• **DATA EXTRACT**
^^^^^^^^

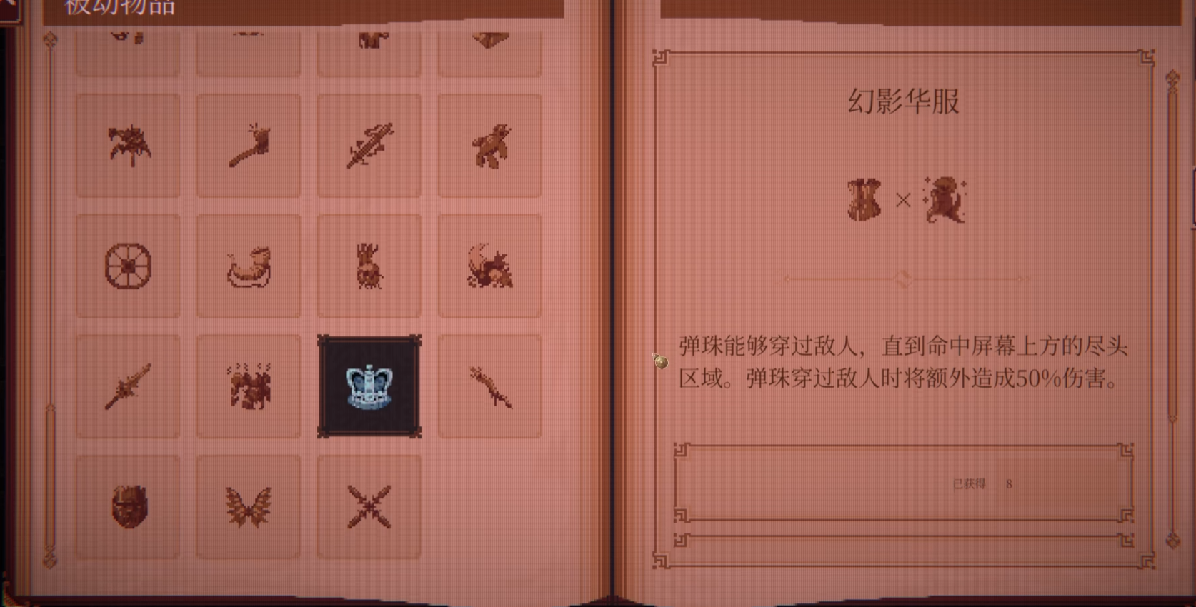 控制型流派的优选配置为“幻影华服”。装备后,弹珠获得全程穿透特性:可沿初始轨迹贯穿所有路径上的敌人,并抵达屏幕顶部边界;每次穿透均造成原伤害50%的额外伤害。该效果彻底重构弹珠物理模型,使单发弹珠具备多目标串联打击能力,尤其适配纵向密集布阵的关卡结构。叠加的穿透伤害并非辅助增益,而是构成群体压制效率跃升的关键数值支点。
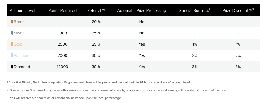 After your account is created, you can log in and proceed to access the paid surveys, offer walls, and other earning opportunities. One characteristic of PrizeRebel is that it has different membership levels. Prize Rebel levels are simply statuses that you reach as you complete tasks and earn points. There are 5 levels – Bronze, Silver, Gold, Platinum, and Diamond.
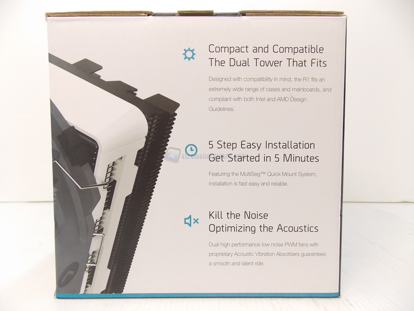 La confezione esterna, identica al modello R1 Ultimate, è molto curata, si caratterizza per un elevatissimo numero di informazioni. L'imballo è eccellente, al punto che siamo rimasti addirittura stupiti per alcune finezze tra cui la scatola delle componenti separata dal resto ed anche delle carte plastificate con cui registrare sia il dissipatore.
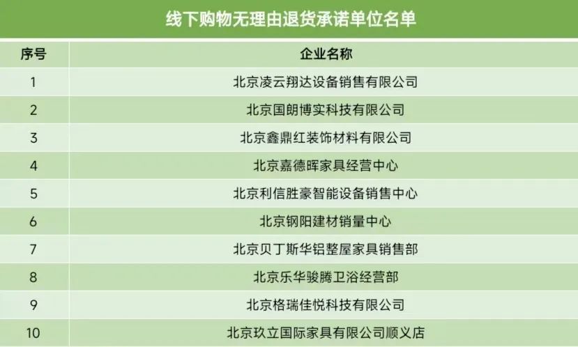 截至目前,顺义区自愿承诺线下购物无理由退货单位有北京居然之家顺西路家居建材市场有限公司、北京新世界千姿百货有限公司、北京凌云翔达设备销售有限公司等共16家。

^^^^^^^^

• **WHAT THE TASK REQUIRES**
Please output the material above again, exactly, and omit every image.

• **ANSWER SECTION**
 控制型流派的优选配置为“幻影华服”。装备后,弹珠获得全程穿透特性:可沿初始轨迹贯穿所有路径上的敌人,并抵达屏幕顶部边界;每次穿透均造成原伤害50%的额外伤害。该效果彻底重构弹珠物理模型,使单发弹珠具备多目标串联打击能力,尤其适配纵向密集布阵的关卡结构。叠加的穿透伤害并非辅助增益,而是构成群体压制效率跃升的关键数值支点。
 After your account is created, you can log in and proceed to access the paid surveys, offer walls, and other earning opportunities. One characteristic of PrizeRebel is that it has different membership levels. Prize Rebel levels are simply statuses that you reach as you complete tasks and earn points. There are 5 levels – Bronze, Silver, Gold, Platinum, and Diamond.
 La confezione esterna, identica al modello R1 Ultimate, è molto curata, si caratterizza per un elevatissimo numero di informazioni. L'imballo è eccellente, al punto che siamo rimasti addirittura stupiti per alcune finezze tra cui la scatola delle componenti separata dal resto ed anche delle carte plastificate con cui registrare sia il dissipatore.
 截至目前,顺义区自愿承诺线下购物无理由退货单位有北京居然之家顺西路家居建材市场有限公司、北京新世界千姿百货有限公司、北京凌云翔达设备销售有限公司等共16家。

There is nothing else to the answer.